# Lets go muddin



## Whitetail (Mar 5, 2012)

Havent been ridin in a while and was wondering who all lives near crosby tx. I live in pasadena and need to find some new ridin buddies. The ole brute just sits on the trailer and shes feelin lonely. My name is jeremy and u could send me a text to see if mabye we could meet up to sling some mudd.my number is 832 549 9294 thanks.


----------



## filthyredneck (Feb 10, 2010)

I live just on the north side of Dayton up Hwy 321 in Tarkington and ride Crosby pretty frequently......went friday and saturday last weekend, and probably go back this weekend to test out one of my brutes to be sure its gonna run right. Hit me up with a PM when your ready, they go straight to my phone. I've been lookin for some new peeps to ride with as well since its hard to get my regular crew together due to clashing work schedules.


----------



## Whitetail (Mar 5, 2012)

Whats up I know exactly where u at. Dont want to sound slow but dont know how to send a pm. I pretty new to this stuff. I cant go for like 2 weeks got some bday parties to attend but after that im free to go.so u could shoot me a text r tell me how to pm would be much app.


----------



## RAGE Customs (Sep 13, 2011)

crosby has been getting a little run down IMO. the only time we go there is if we are going to DSO. the past few rides we have been going to creekside edge in splendora. a little more enjoyable to me.


----------



## Whitetail (Mar 5, 2012)

i agree with u there. i have been to dso once so far and it was pretty good from what i saw. haven't had time to go back to explore some more. took my bike to huntsville so my father in law could use it to do some hog huntin but she is ready to go, i just have to go pick it up. havent been to the park in splendora yet. yall throw out the invite and i will see if i can make it, i posted my number in the first post.


----------



## RAGE Customs (Sep 13, 2011)

ya we will hit you up next time we go. we are swamped right now with some new products we are making but we will definitely going in about 3-4 weeks when things settle down


----------



## Whitetail (Mar 5, 2012)

Sounds good I will be ready to go. Just let me know couple days ahead of time so I can give u an answer if I can make it that trip out.


----------



## Elite (Apr 11, 2012)

Anyone wanna ride this weekend in crosby? Maybe dso?


----------



## filthyredneck (Feb 10, 2010)

A couple of my friends from work will be riding DSO on saturday. They are trying to talk me into going but I gotta work all weekend and if I showed up it'd only be for about 3 hours or which I feel isn't worth the trouble. One of the guys going goes by dirtroadredneck on here....might try to hit him up.


----------



## Dirtman (Jul 15, 2011)

Hey ya'll make sure and let me know when and where and i'll be there to.
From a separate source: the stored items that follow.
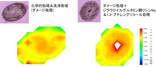 内部タンパク質の流出に対応するため、補修成分の検討を行いました。化学的処理と洗浄処理を行ったダメージまつ毛に対し、タンパク質の材料であるアミノ酸から作られ浸透性に優れた成分ジラウロイルグルタミン酸リシンNaを1,3-ブチレングリコールと共に作用させたところ、成分がまつ毛の内部にまで浸透したことを示す結果が得られました(図3)。
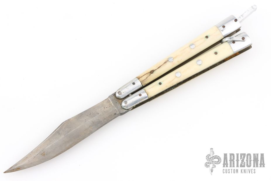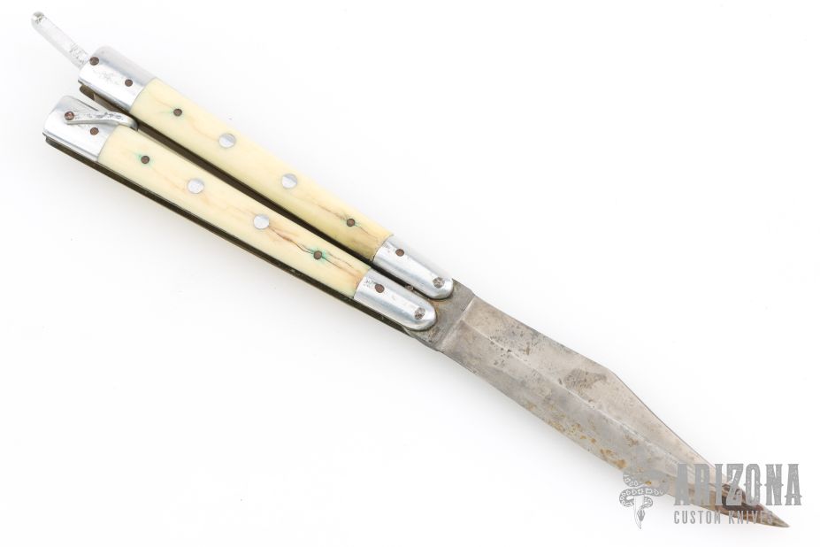 This balisong from the Philippines features a clip point blade with a satin finish. The handle has aluminum bolsters, front and rear and white bone scales, aluminum T-latch and brass liners/frame. Has scratches and oxidation, has some cracks in the scales, fair condition for its age.
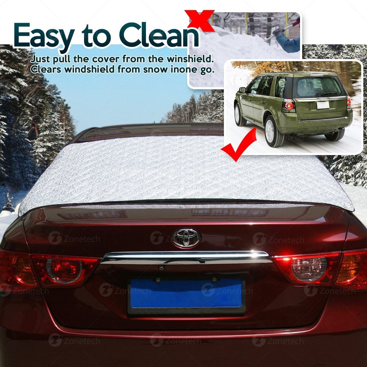 ► UNIVERSAL - The Zone Tech windshield cover will fit 99% of vehicles, from cars, trucks, and SUV's.
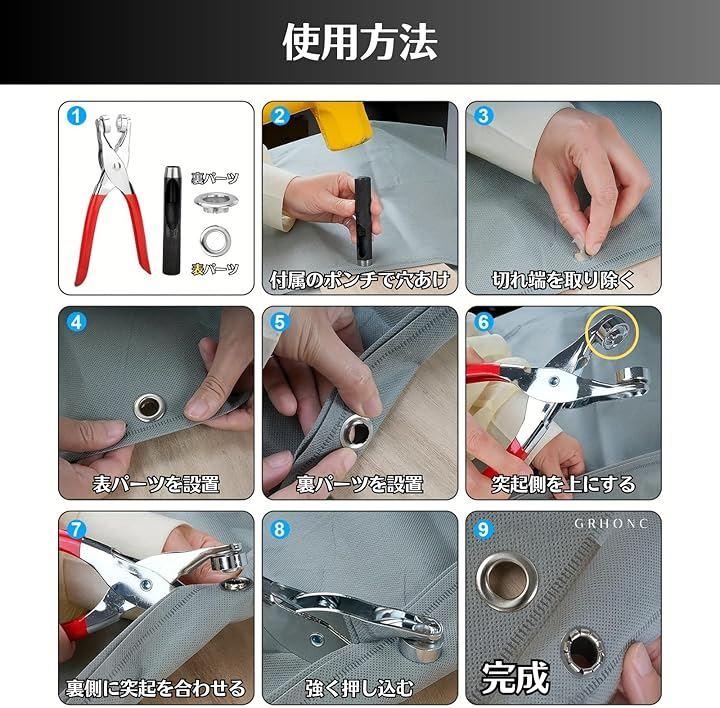 「セット内容」12mmハトメパンチx1・穴あけポンチx1・12mmハトメ150組(ゴールド50組・シルバー100組)「用途」ブルーシート・カーテン・バッグ・帽子・靴・ベルト・レインコート・テント・自転車カバー・裁縫・手芸・レザークラフト・DIY など
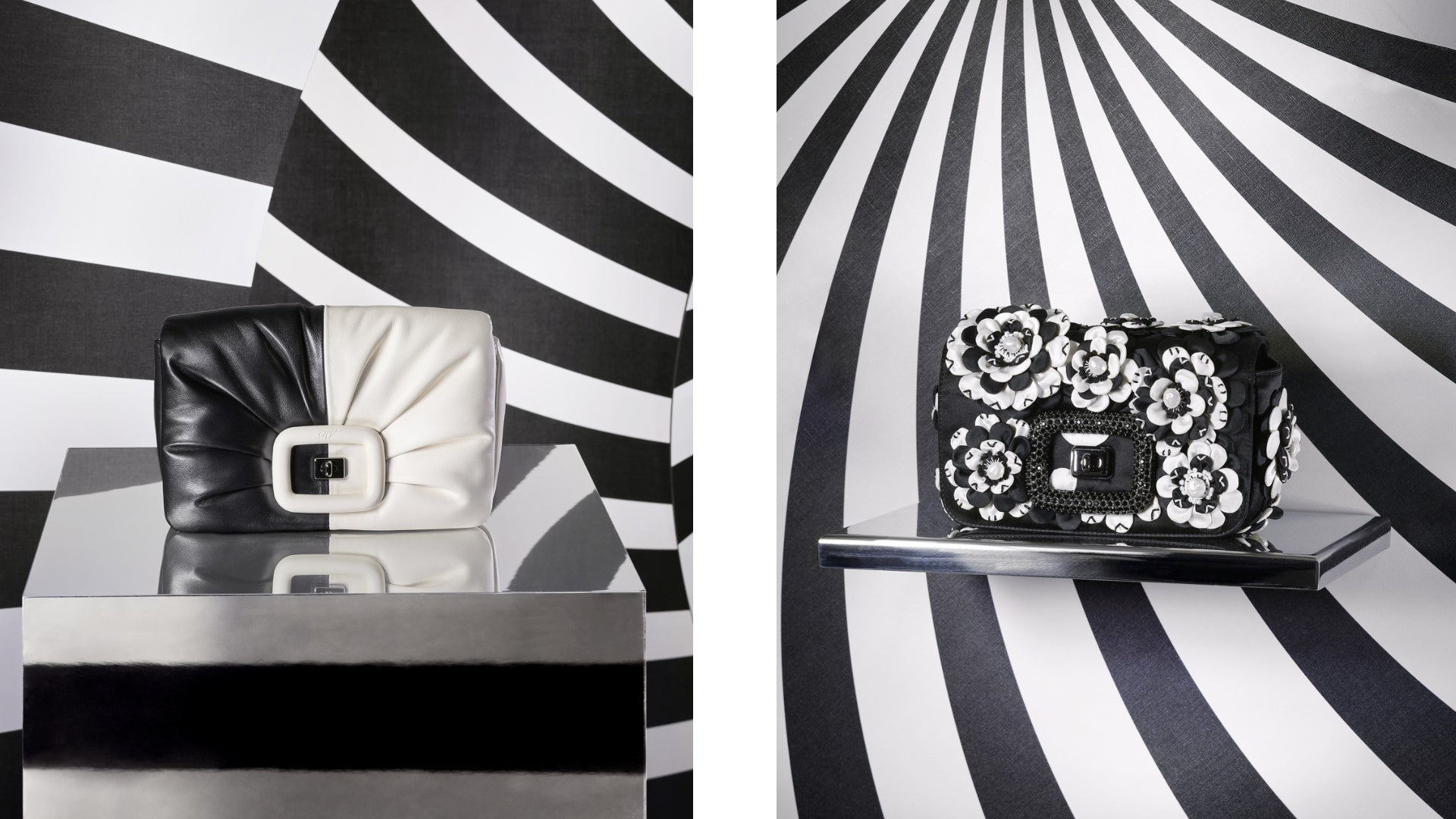 18世紀に建てられた邸宅の壮大な中庭から一歩足を踏み入れると、そこに広がるのは市松模様の大理石のオプティカルイリュージョン。まばゆいばかりの遠近感と螺旋状の渦の中でムッシュ・ヴィヴィエの色鮮やかなアート作品がもつシアトリカルな豪華絢爛さが命を宿します。VIVIER OP-TICALプレゼンテーション、一つ目のサロン「ブラック&ホワイト」(Black and White)ではバッグ、ハット、ジレ、ジュエリーといったロジェ ヴィヴィエのアクセサリーメゾンへの進化を象徴する空間です。ゲラルド・フェローニがデザインしたメゾンの新アイコン、Viv Chocバックは、ブラック&ホワイトのモノクロバージョンで再登場。ブロックカラーのスムースレザーとチェックツイードのデザイン、そしてパッチワークにフリンジ、どれも煌びやかに輝くオプティカルストライプをあしらうことで、エレガントなデザインがモダンかつ華麗に変身しています。またViv Canardもモノクロバージョンで登場。今回初めて、メゾンのクラシックなバックルがあしらわれています。
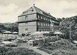 Die Nebensaison lieferte regelmäßig unrentable Ergebnisse. Aus diesem Grund wandelte das DRK das Kurhaus ab 1960 in ein geschlossenes Erholungsheim um, das jährlich in etwa 16 Etappen von durchschnittlich 95 weiblichen Kurgästen von verschiedenen Sozialversicherungsträgern belegt war. Die Anwendung der Kaltwasserkuren erfolgte nach der Ohlstädter-Methode.[16] Das DRK errichtete dazu Wassertretbecken, eine Gymnastikhalle und ein Badehaus. In den 1960er Jahren baute man in funktionalisierter Form an der südlichen Seite einen Turm mit Aufzug und westlich eine Personalwohnung an. Nach 1972 erfolgten umfangreichere Sanierungen und Erweiterungen. An der Rückseite wurde eine moderne Bäderabteilung mit Schwimmbad, Sauna und Einrichtungen für Kuranwendungen errichtet. Jedes Gästezimmer erhielt ein eigenes Bad mit WC. Das Gelände wurde südlich durch eine zweite Zufahrt erschlossen, da die Brücke für große LKWs zu schmal war.
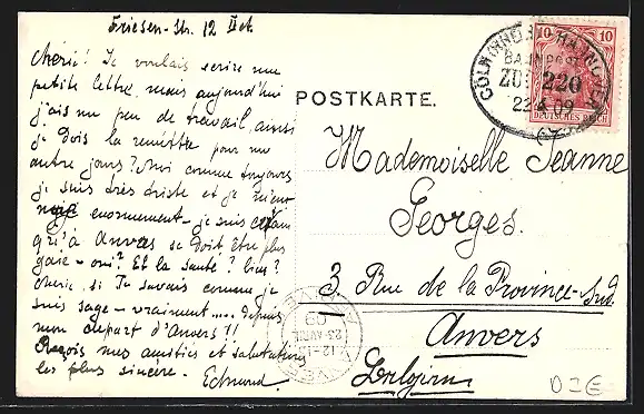 alte Ansichtskarte, gelaufen 1909, Stempelspur, guter Zustand
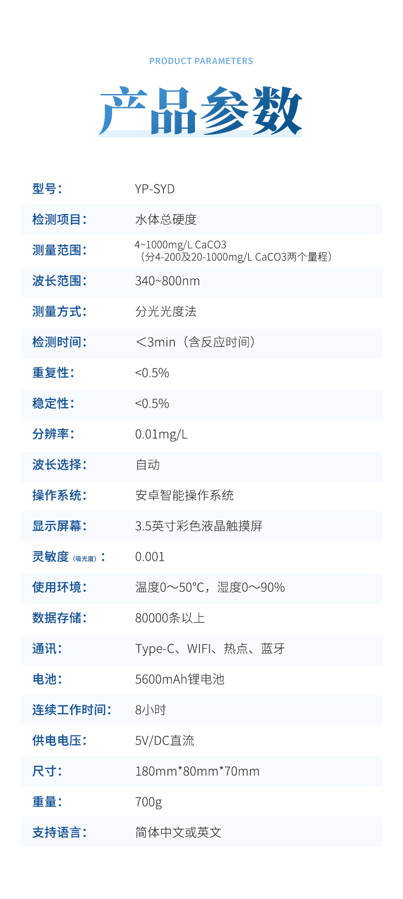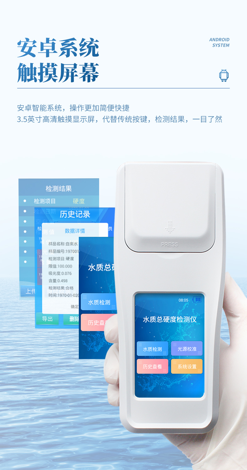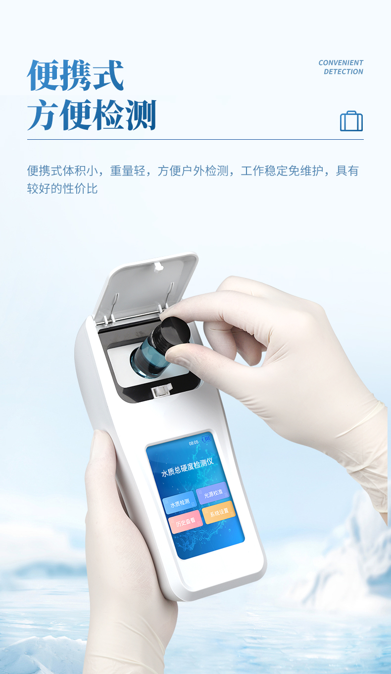 水質(zhì)總硬度檢測(cè)儀可簡(jiǎn)單快速測(cè)試水質(zhì)中總硬度濃度值。利用比色法原理配合總硬度檢測(cè)試劑快速準(zhǔn)確測(cè)試水中總硬度含量。
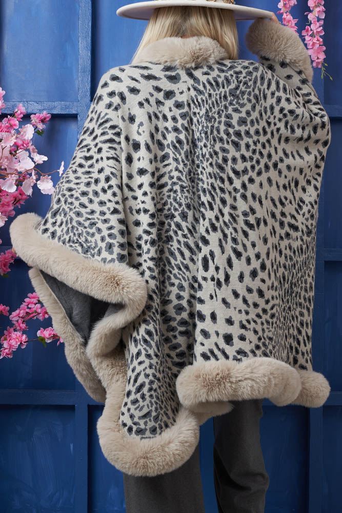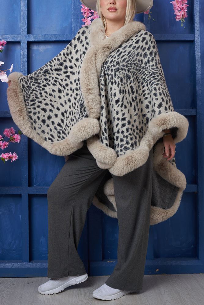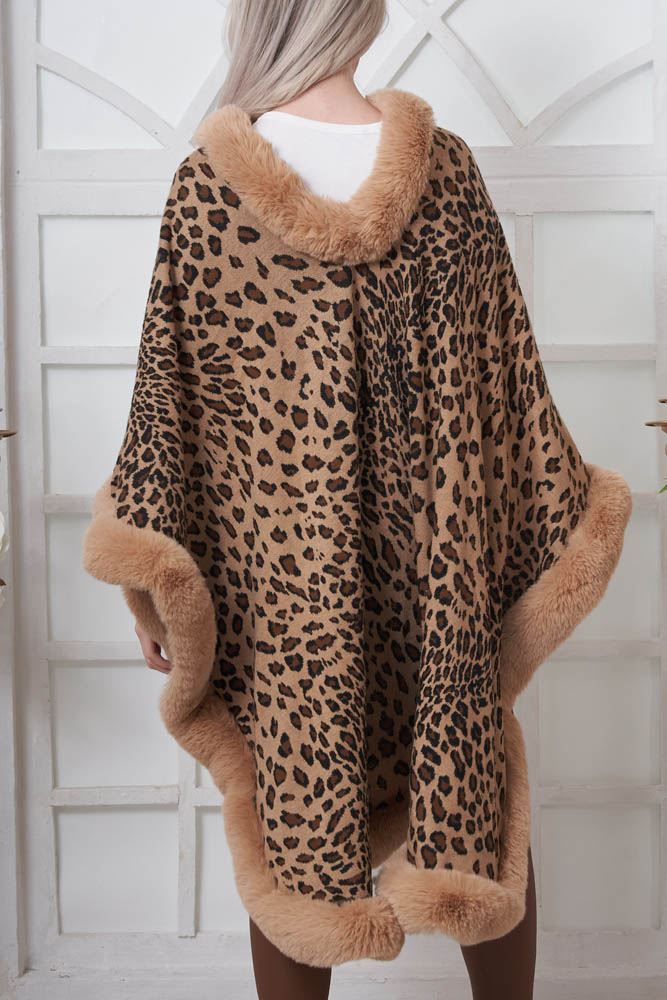 Leopard Print Faux Fur Batwing Sleeve Poncho
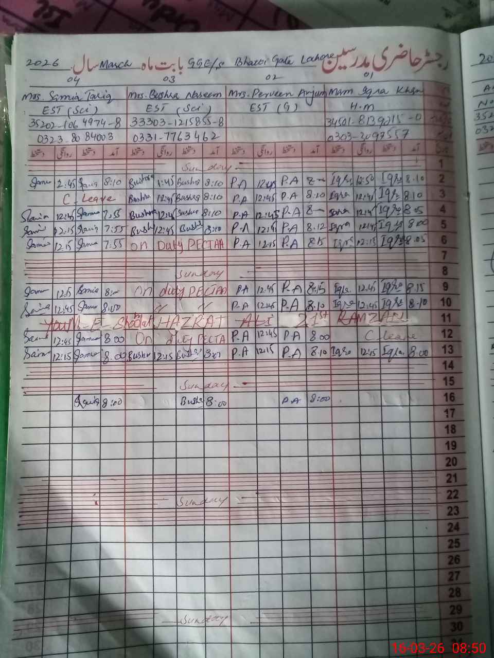 | 33**** | At**** Sh**** | PST Science/Maths | Regular | 0 | 0 | 28 | 0 | 0 | 0 | 0 | 0 | 0 | Absent (Un-Authorized) |

Thanks Gary.


----------



## DirtRoadRedneck (Dec 20, 2011)

we will be at DSO sat 4/25 there with a few folks and also gonna meet up with a couple guys from here :rockn:




Whitetail said:


> Havent been ridin in a while and was wondering who all lives near crosby tx. I live in pasadena and need to find some new ridin buddies. The ole brute just sits on the trailer and shes feelin lonely. My name is jeremy and u could send me a text to see if mabye we could meet up to sling some mudd.my number is 832 549 9294 thanks.


----------